EXERCISE GOAL:
Transcribe every entry exactly, leaving out any pictures.

-.-.-

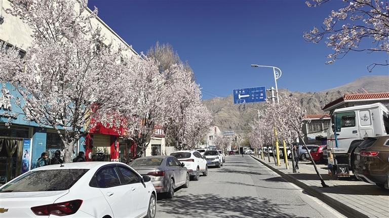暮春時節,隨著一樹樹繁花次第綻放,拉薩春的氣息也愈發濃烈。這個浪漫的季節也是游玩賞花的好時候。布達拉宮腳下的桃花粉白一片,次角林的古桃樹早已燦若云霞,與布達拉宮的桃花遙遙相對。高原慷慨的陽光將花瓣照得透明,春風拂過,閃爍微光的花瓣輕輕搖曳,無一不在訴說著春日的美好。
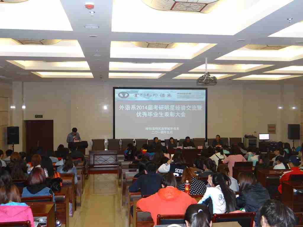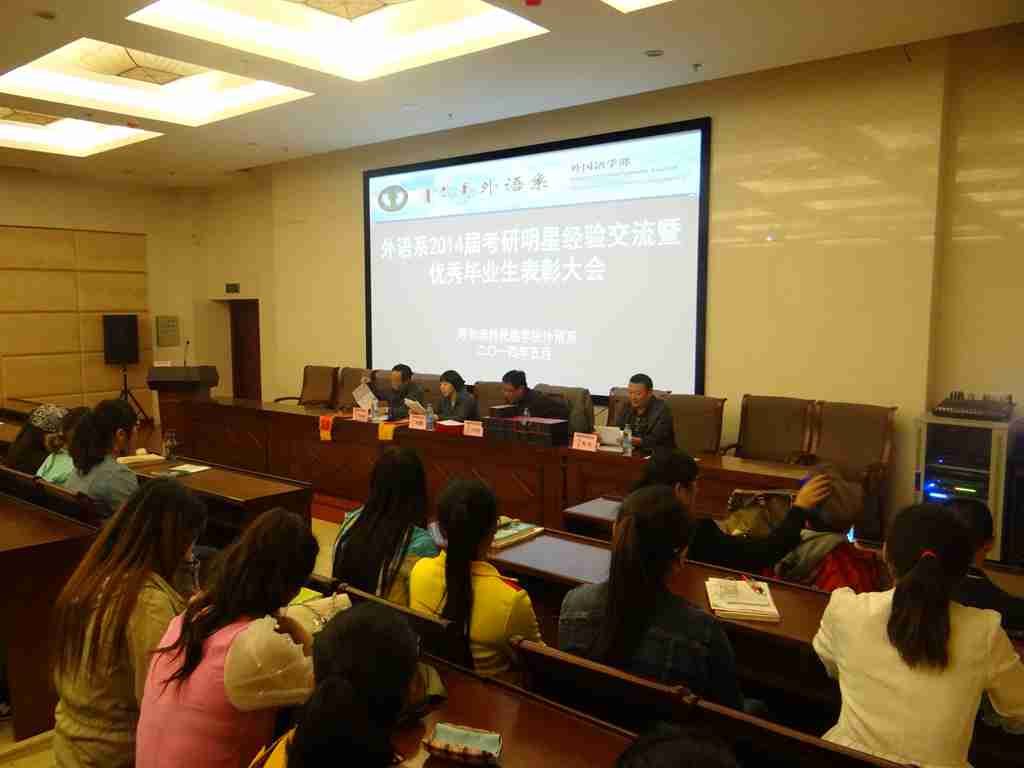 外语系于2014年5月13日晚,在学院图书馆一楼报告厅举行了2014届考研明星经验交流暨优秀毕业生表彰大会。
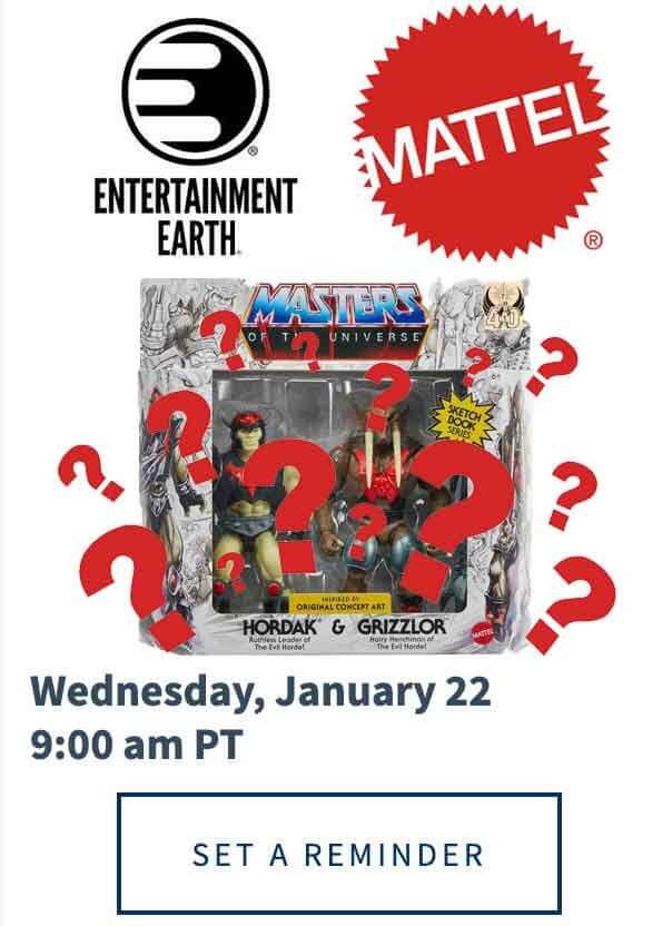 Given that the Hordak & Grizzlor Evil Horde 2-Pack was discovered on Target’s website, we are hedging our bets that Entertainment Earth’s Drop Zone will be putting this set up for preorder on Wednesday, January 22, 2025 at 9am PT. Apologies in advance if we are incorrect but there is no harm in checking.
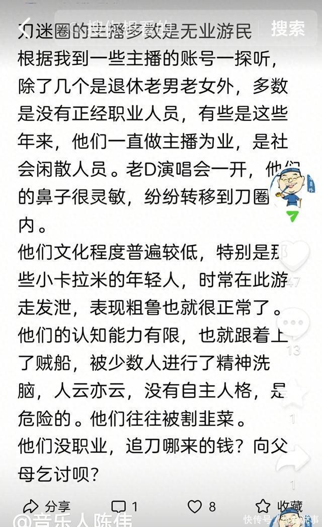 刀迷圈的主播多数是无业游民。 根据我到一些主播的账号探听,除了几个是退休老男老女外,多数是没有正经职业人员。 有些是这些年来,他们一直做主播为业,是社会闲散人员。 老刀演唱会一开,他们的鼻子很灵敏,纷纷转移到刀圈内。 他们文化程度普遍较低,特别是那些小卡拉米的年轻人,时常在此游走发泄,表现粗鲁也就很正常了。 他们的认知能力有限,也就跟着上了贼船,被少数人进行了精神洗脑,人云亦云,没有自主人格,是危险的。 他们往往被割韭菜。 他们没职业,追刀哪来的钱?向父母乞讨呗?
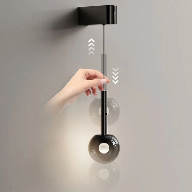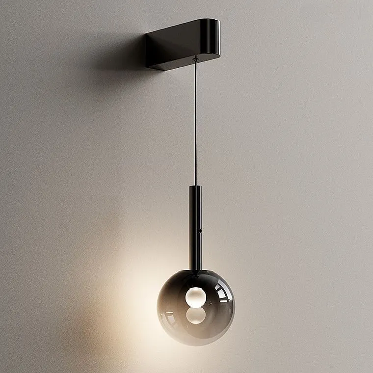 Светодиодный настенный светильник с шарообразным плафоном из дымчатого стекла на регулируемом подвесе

-.-.-

RESPONSE:
暮春時節,隨著一樹樹繁花次第綻放,拉薩春的氣息也愈發濃烈。這個浪漫的季節也是游玩賞花的好時候。布達拉宮腳下的桃花粉白一片,次角林的古桃樹早已燦若云霞,與布達拉宮的桃花遙遙相對。高原慷慨的陽光將花瓣照得透明,春風拂過,閃爍微光的花瓣輕輕搖曳,無一不在訴說著春日的美好。
 外语系于2014年5月13日晚,在学院图书馆一楼报告厅举行了2014届考研明星经验交流暨优秀毕业生表彰大会。
 Given that the Hordak & Grizzlor Evil Horde 2-Pack was discovered on Target’s website, we are hedging our bets that Entertainment Earth’s Drop Zone will be putting this set up for preorder on Wednesday, January 22, 2025 at 9am PT. Apologies in advance if we are incorrect but there is no harm in checking.
 刀迷圈的主播多数是无业游民。 根据我到一些主播的账号探听,除了几个是退休老男老女外,多数是没有正经职业人员。 有些是这些年来,他们一直做主播为业,是社会闲散人员。 老刀演唱会一开,他们的鼻子很灵敏,纷纷转移到刀圈内。 他们文化程度普遍较低,特别是那些小卡拉米的年轻人,时常在此游走发泄,表现粗鲁也就很正常了。 他们的认知能力有限,也就跟着上了贼船,被少数人进行了精神洗脑,人云亦云,没有自主人格,是危险的。 他们往往被割韭菜。 他们没职业,追刀哪来的钱?向父母乞讨呗?
 Светодиодный настенный светильник с шарообразным плафоном из дымчатого стекла на регулируемом подвесе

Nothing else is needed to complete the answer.